Coma Off It: Removing Variable Point Spread Functions from Astronomical Images

TL;DR

This paper introduces a fast, post-processing method to homogenize the point-spread function across wide-field astronomical images, improving resolution and data uniformity without needing access to the original instrument.

Contribution

The authors present a novel, rapid PSF regularization technique that enhances image uniformity and resolution in astronomical data through simple convolution, independent of the original imaging instrument.

Findings

Produces highly uniform effective PSF across the field

Enables higher-resolution wide-field mosaics

Requires low computational cost

Abstract

We describe a rapid and direct method for regularizing, post-facto, the point-spread function (PSF) of a telescope or other imaging instrument, across its entire field of view. Imaging instruments in general blur point sources of light by local convolution with a point-spread function that varies slowly across the field of view, due to coma, spherical aberration, and similar effects. It is possible to regularize the PSF in post-processing, producing data with a homogeneous ``effective PSF'' across the entire field of view.
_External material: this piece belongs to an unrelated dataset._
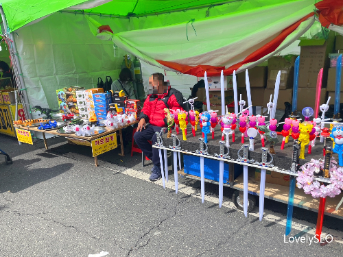 풍선, 꽃들이 다양하게 판매되고 있었답니다.

In turn, the method enables seamless wide-field astronomical mosaics at higher resolution than would otherwise be achievable, and potentially changes the design trade space for telescopes, lenses, and other optical systems where data uniformity is important. For many kinds of optical aberration, simple and rapid convolution with a locally optimized ``transfer PSF'' produces extremely uniform imaging properties at low computational cost. PSF regularization} does not require access to the instrument that obtained the data, and can be bootstrapped from existing data sets that include starfield images or other means of estimating the PSF across the field.